I am taking my kids to Lake Martin this weekend. We have never been and need some help. I will have access to a pontoon boat and we are staying near Harbor Pointe marina. Any advice on fish, fishing tips and locations would be greatly appreciated. Thanks in advance!

Dave


----------



## hotshot (Jun 5, 2009)

fisrt off, if you are going to be traveling any distance away from your dock and dont know martin that well, get you a map at very least. i have been on martin alot and you can get lost really easy. You can always find your way back but it is so big, depending on how long it takes you to find your way back, gas can become an issue.

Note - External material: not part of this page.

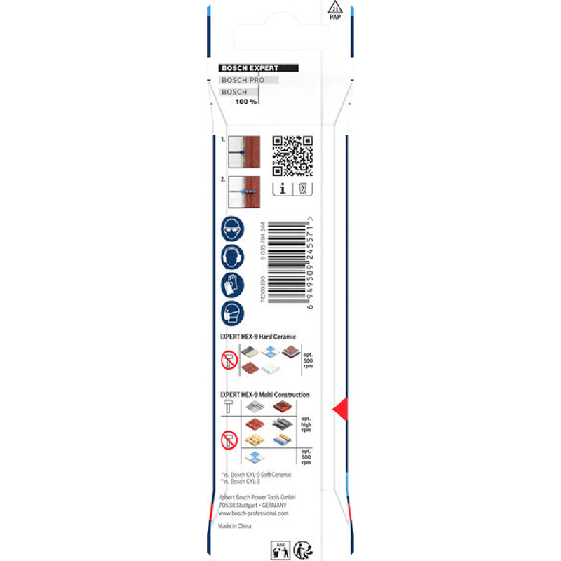 Lange Lebensdauer in Hartkeramik und Präzision in Baumaterialien! Präzises Anbohren von Löchern dank einer speziell konzipierten Zentrierspitze Beim Bohren in Fliesen können Sie das Loch präzise anbohren, ohne dass die teure Fliese Schaden nimmt. Sobald die Fliese durchbohrt ist,benötigst du für die darunterliegenden Werkstoffe einen Multimaterialbohrer. Für diese Aufgaben haben wir den Bohrersatz EXPERT HEX-9 Hard Ceramic und Multi Construction entwickelt, mit dem du beide Aufgaben problemlos bewältigen. Das Set mit EXPERT HEX-9 Hard Ceramic und Multi Construction enthält Bohrer, mit denen sich problemlos zwei grundverschiedene Aufgaben bewältigen lassen. Dank unserer Carbide Technology ist die EXPERT HEX-9 Hard Ceramic außergewöhnlich robust und langlebig: Damitkannst du auch die härtesten Keramikfliesen anbohren. Der EXPERT HEX-9 Multi Construction ermöglicht dank der Bosch Centering Geometry das präzise Anbohren aller gängigen Baumaterialien hinter den Fliesen – damit kannst du die Löcher genau dort bohren, wo sie sein sollen. Außergewöhnlich ausdauernder Bohrer mit Bosch Carbide Technology

Aside from that, if you want to have some real fun fishing, go ahead and hire you a guide and do a full day of striper/hybrid fishing. Crappie under dock lights are pretty easy to find at night up there but striper fishing is where its at on lake martin. The problem you have is that you prolly dont have good enuf electronics nor the time to find them. A good guide on martin wont cost anything near what a gulf trip would cost you but your kids will have a ball. when i take my 10 y/o son striper fishing, he usually has to quit at some point just from being exausted from fighting them things.


----------



## grey ghost (Jul 24, 2011)

i have not fished martin, but been there several times, awsome lake, deep, clear, clean!


----------



## cablechris (May 3, 2011)

A map is a must... found out the hard way. But its is fun fishing for sure.


----------



## nojerseydevil (Jan 23, 2009)

Water is very clear. Use baits similar to hatch or really fast lures.

NJD


----------



## Slip Knot (Apr 24, 2009)

NJD is right. You can see SEVERAL feet deep most of the time so light line and carolina rig finesse worms generally work well in the right locations for bass. Watermelon, green pumpkin, or cotton candy colors have worked well for me in the past. 

Due to all the boat traffic this time of year, I would focus on the crappie at night around the docks with the kids. 

Also, X2 on the striper guide.


----------